In this post, we discuss how you can use the SPATIALREG procedure to analyze 2013 home value data in North Carolina at the county level. The five variables in the data set are county (county name), homeValue (median value of owner-occupied housing units), income (median household income in 2013 in inflation-adjusted dollars), bachelor (percentage of people with bachelor’s degree or higher who live in the county), and crime (rate of Crime Index offenses per 100, 000 people). The data for home values, income, and bachelor’s degree percentages in each county were obtained from the website of the United States Census Bureau and computed using the 2009–2013 American Community Survey five-year estimates. Data for crime were retrieved from the website of North Carolina Department of Public Safety. For the purpose of numerical stability and interpretation, all five variables are log-transformed during the process of data cleansing. We use this data set to demonstrate the modeling capabilities of the SPATIALREG procedure and to understand the impact of household income, crime rate, and education attainment on home values.

As a preliminary data analysis, we first show a map of North Carolina that depicts the county-level home values in Figure 1. It is easy to see that the home values tend to be clustered together. Higher values are found in the coastal, urban, and mountain areas of North Carolina and lower home values can be found in rural areas. Home values of neighboring counties more closely resemble each other than home values of counties that are far apart.

Figure 1: Median value of owner-occupied housing units

From a modeling perspective, findings from Figure 1 suggest that the data might contain a spatial dependence, which needs to be accounted for in the analysis.  In particular, an endogenous interaction effect might exist in the data—home values tend to be spatially correlated with each other. PROC SPATIALREG enables you to analyze the data by using a variety of spatial econometric models.

Table 1: parameter estimates for a linear regression model

To lay the groundwork for discussion, you can start the analysis with a linear regression. For this model, the value of Akaike’s information criterion (AIC) is –106.12. The results of parameter estimation from a linear regression model, shown in Table 1, suggest that three predictors—income, crime, and bachelor—are all significant at the 0.01 level. Moreover, crime exerts a negative impact on home values, indicating that high crime rates reduce home values. On the other hand, both income and bachelor have positive impacts on home values.

Figure 2 provides the plot of predicted homeValue from the linear regression model. Although the comparison of Figure 1 and Figure 2 might suggest that predicted homeValue from the linear regression model captures the general pattern in the observed data, you need to be careful about some underlying assumptions for linear regression. Among those assumptions, a critical one is that the values of the dependent variable are independent of each other, which is not likely for the data at hand. As a matter of fact, both Moran’s I test and Geary’s C test suggest that there is a spatial autocorrelation in homeValue at the 0.01 significance level. Consequently, if you ignore the spatial dependence in the data by fitting a linear regression model to the data, you run the risk of false inference.
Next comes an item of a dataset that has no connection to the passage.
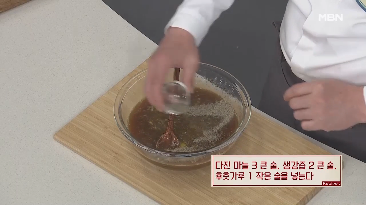 ⑤ 다진 마늘, 생강즙 2큰술, 후춧가루 1 작은술을 넣어 줍니다.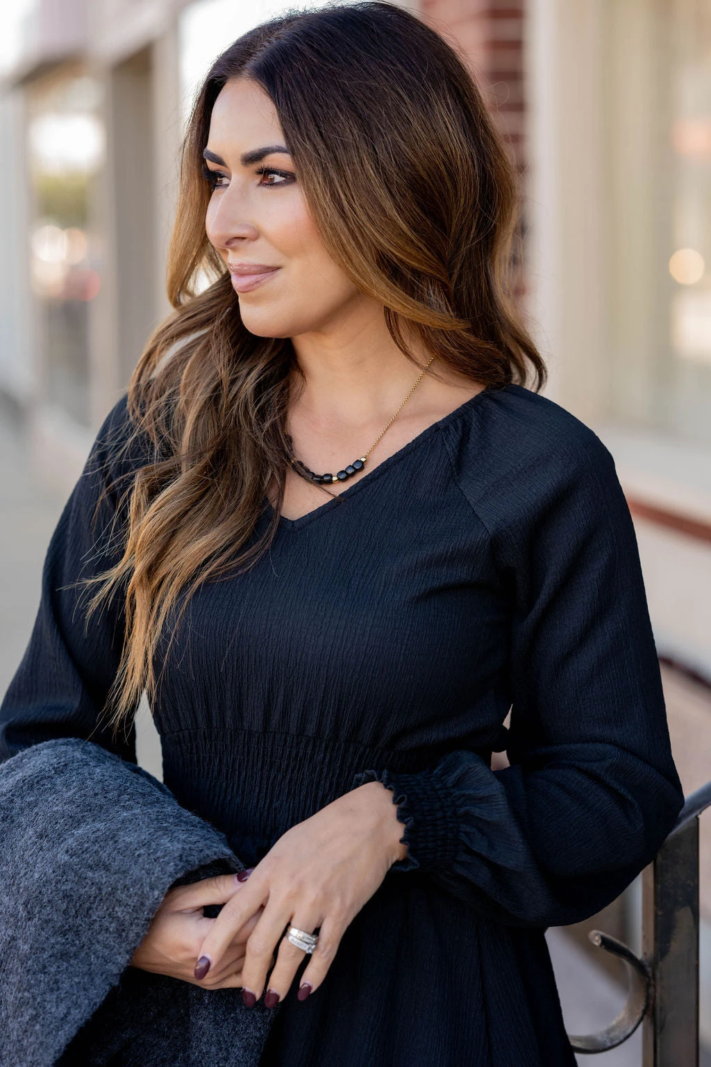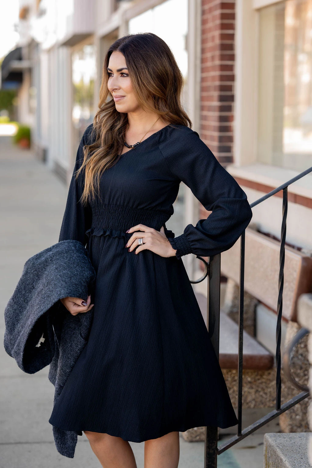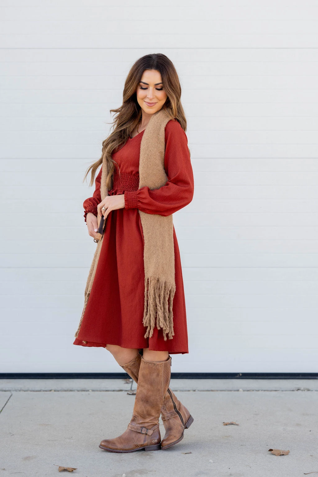 This textured dress features cinched accents and a v-neck cut to set it apart from the rest! Wear alone or add a vest, shacket, or leggings! Don’t forget your favorite accessories to complete the look!

Figure 2: predicted median value of owner-occupied housing units
using a linear regression model

Because of the spatial dependence in homeValue, a good candidate model to consider might be a spatial autoregressive (SAR) model for its ability to accommodate the endogenous interaction effect.  You can use PROC SPATIALREG to fit a SAR model to the data. Before you proceed with model fitting, you need provide a spatial weights matrix. Generally speaking, a spatial weights matrix summarizes the spatial neighborhood structure; entries in the matrix represent how much influence one unit exerts over another.

Table 2: parameter estimates for a SAR model

The spatial weights matrix specification is of vital importance in spatial econometric modeling. Despite many different ways of specifying such a matrix, results can be sensitive to the choice of a spatial weights matrix.  Without delving into the nitty-gritty of such choice, you can simply define two counties to be neighbors of each other if they share a common border. After creating the spatial weights matrix, you can feed it into PROC SPATIALREG and run a SAR model. Table 2 presents the results of parameter estimation from a SAR model.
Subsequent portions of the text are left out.